A  little over eight years ago my father’s heart stopped. One minute he was clutching his tennis racquet and waiting for the other doubles team to serve. The next, he was on the floor. His wife, an ex-firefighter and an amazing human being, resuscitated him with the help of friends and a defibrillator installed on the wall of the gym.

Some years before that, my husband took me to Paris. We bought a seven-day metro pass and rode all over the city to see sights and eat food we’d been talking about for months. Then, on the seventh day, the pass expired. After dinner, we took our last ride back to our hotel, packed our bags and wistfully said good night.

The next morning my husband looked at our itinerary and then looked at me. A smile lit up his face.

“We don’t leave until tomorrow.”

For my father, a little more than 2,300 “found” days. For us, one.

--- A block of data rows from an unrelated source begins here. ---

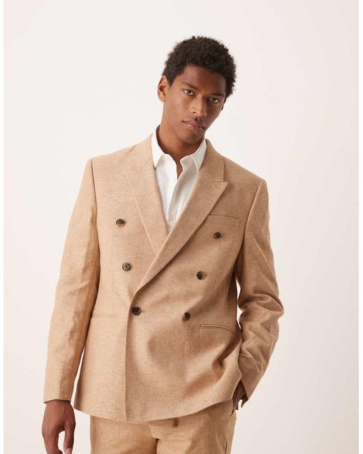 - Double Breasted Linen Blend Regular Suit Jacket
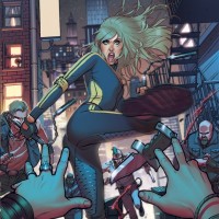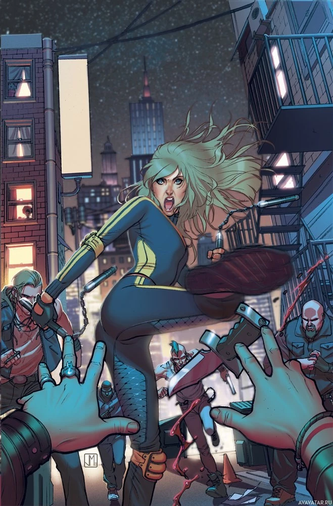a female character with blonde hair, wearing a black costume that resembles that of a superhero or vigilante. She seems to be in action or combat stance, suggesting she might be defending herself from
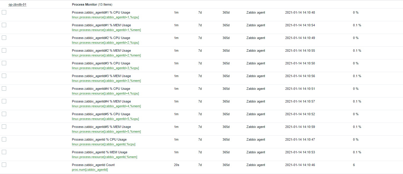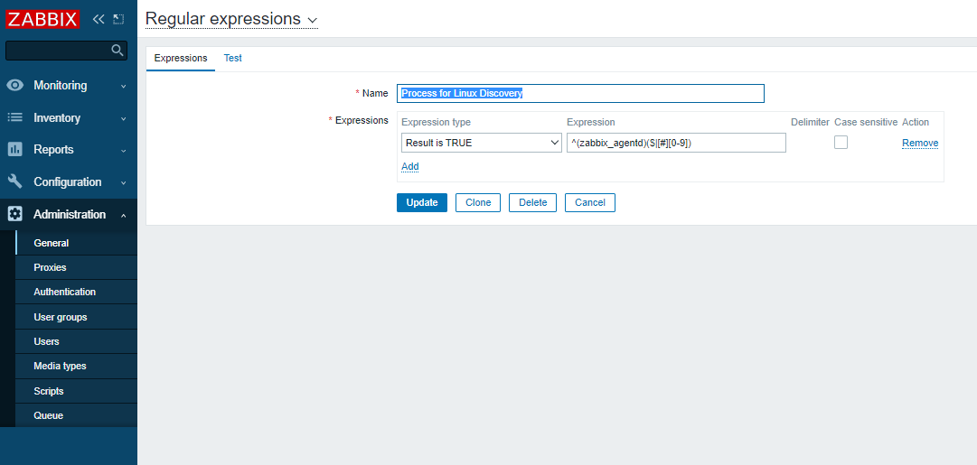 - 정규표현식 추가 - Administration->General->Regular expressions : Name: Process for Linux Discovery : Expressions: ex) ^(zabbix_agentd)($|[#][0-9]) [Result is TRUE]
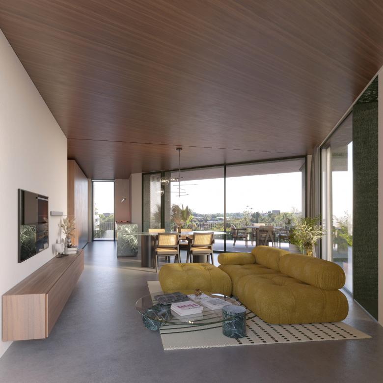 The project for a new residential building in Treviso is developed on a plot located near the Sile river. The design concept aimed to harmoniously enhance the surrounding green context, integrating private terraces for each unit and communal spaces designed for the residents' community.
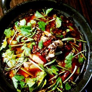 把煮好的鱼片和汤倒入铺入配菜的砂锅内,辣椒段和花椒过油锅热油浇在上面,放上香菜,麻辣美味之旅就此开始。
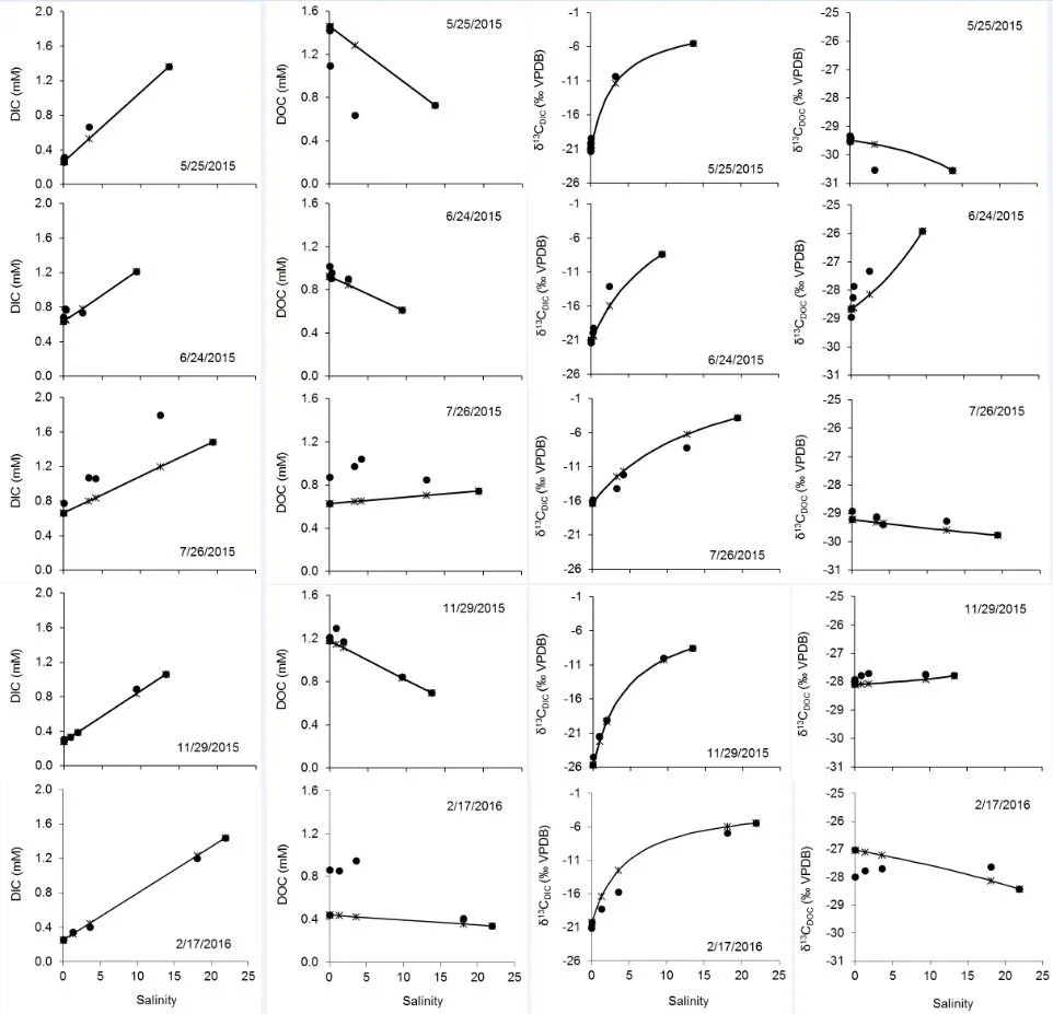 He S., Xu Y.J., 2018. Freshwater-saltwater mixing effects on dissolved carbon and CO2 outgassing of a coastal river entering the northern Gulf of Mexico. Estuaries and Coasts, 41, 734-750. https://doi.org/10.1007/s12237-017-0320-4
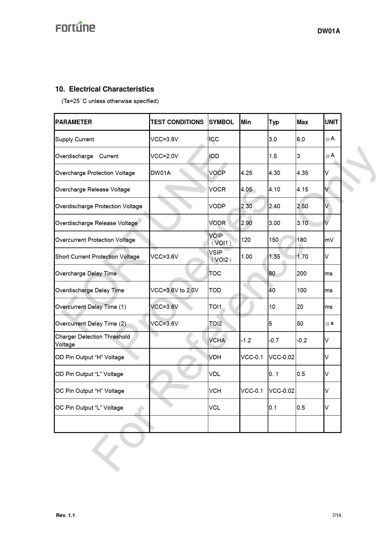 DW01A 10. Electrical Characteristics (Ta=25°C unless otherwise specified) PARAMETER TEST CONDITIONS SYMBOL Supply Current VCC=3.9V Typ Max UNIT ICC 3.0 6.0 μA VCC=2.0V IOD 1.5 3 μA DW01A VOCP 4.25 4.30 4.35 V Overcharge Release Voltage VOCR 4.05 4.10 4.15 V Overdischarge Protection Voltage VODP 2.30 2.40 2.50 V Overdischarge Release Voltage VODR 2.90 3.00 3.10 V Overcurrent Protection Voltage VOIP (VOI1) 120 150 180 mV VSIP (VOI2) 1.00 1.35 1.70 V TOC 80 200 ms Current FO Fo P R r R ro TU ef pe NE er rti ’ en es ce O nl y Overdischarge Min Overcharge Protection Voltage Short Current Protection Voltage VCC=3.6V Overcharge Delay Time Overdischarge Delay Time VCC=3.6V to 2.0V TOD 40 100 ms Overcurrent Delay Time (1) VCC=3.6V TOI1 10 20 ms Overcurrent Delay Time (2) VCC=3.6V TOI2 5 50 μs -0.7 -0.2 V Charger Detection Threshold Voltage VCHA -1.2 OD Pin Output “H” Voltage VDH VCC-0.1 VCC-0.02 OD Pin Output “L” Voltage VDL OC Pin Output “H” Voltage VCH OC Pin Output “L” Voltage VCL Rev. 1.1 0. 1 V 0.5 VCC-0.1 VCC-0.02 0.1 V V 0.5 V 7/14
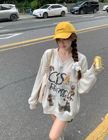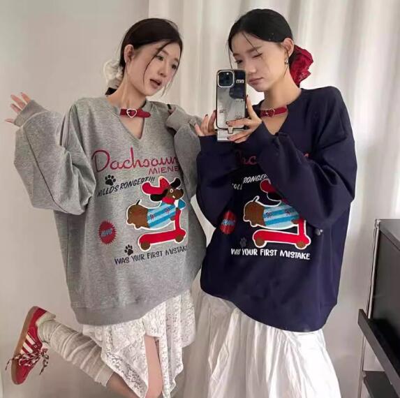 ユニフォーム風犬長袖トップスカットソートレーナーグレーブラック長めダンス衣装ヒップホップレディースガールズストリート韓国おしゃれ奇抜派手大人個性的かわいい
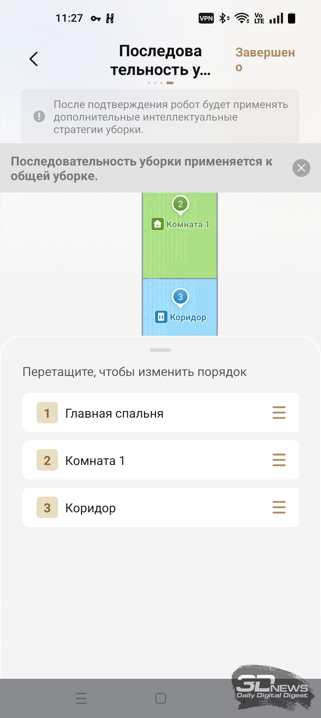 • настроить уборку каждой комнаты отдельно;
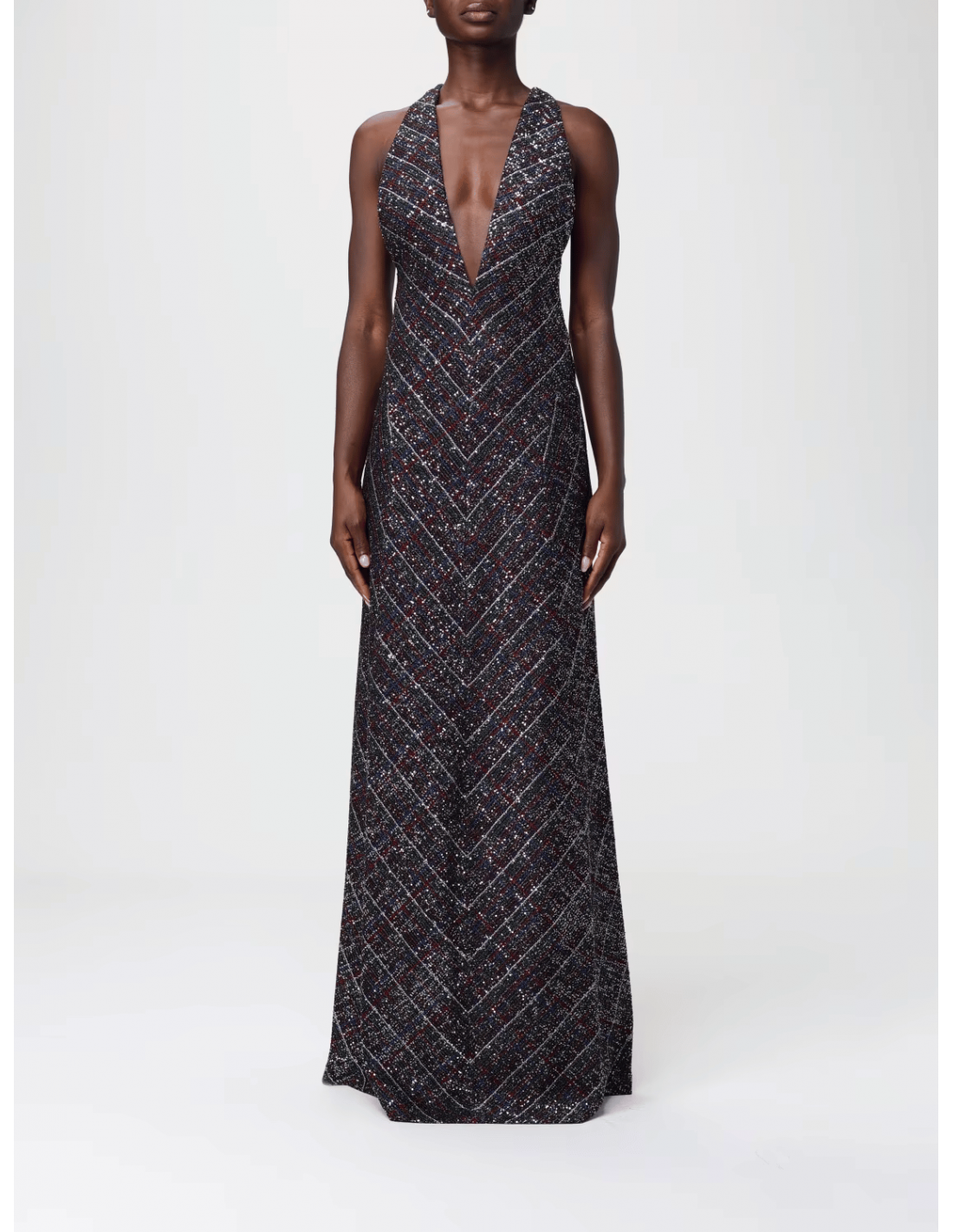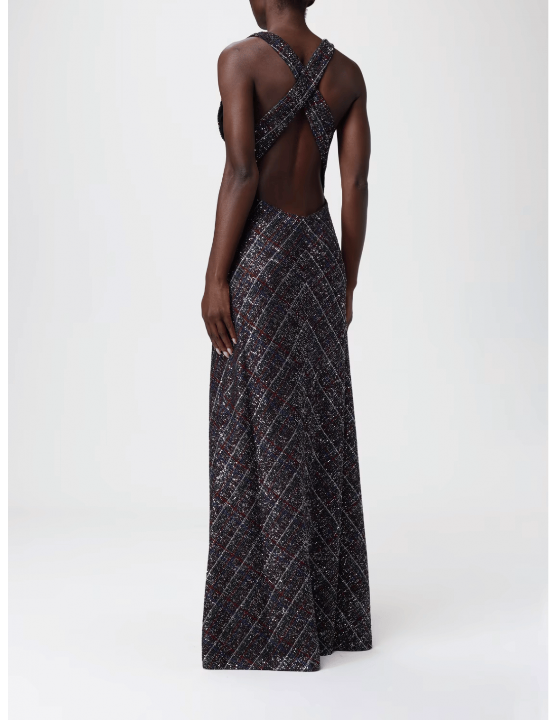 El vestido largo de lentejuelas estampado de Missoni combina el espíritu sofisticado y artístico de la firma italiana con un diseño lleno de movimiento y luz. Confeccionado en un tejido fluido con acabado brillante de lentejuelas, presenta un estampado multicolor característico de Missoni que realza su silueta. La espalda cruzada aporta un toque sensual y contemporáneo, equilibrando la elegancia del largo con una estructura ligera y femenina. Ideal para ocasiones especiales o eventos de noche, este vestido encarna el lujo artesanal y la estética vibrante de la maison.

I learned as a kid about the concept of “found” fortune. It’s that five-dollar bill in the pocket of last winter’s coat, discovered this winter as you reach for a plastic bag to clean up after the dog. It’s a coin glistening on the asphalt parking lot, a check tucked inside a birthday card from a relative. Unearned, unexpected, a gift.

The question of course is what to do with the windfall.

My husband and I danced down to the metro station, bought a one-day pass each and set out on a completely unscripted day. We got off wherever we wanted. We ate deli in the Jewish section, wandered through the Picasso museum, negotiated the return of my husband’s stolen sunglasses, ate ice cream, walked one more time along the Seine at night. No single thing was particularly romantic or dazzling. Each one added up to a day we’ve never forgotten. The thing we remember most is how time moved slowly, like a river in August. Each minute drifted up to us, sank in, and then passed without urgency. We had no expectations or plans.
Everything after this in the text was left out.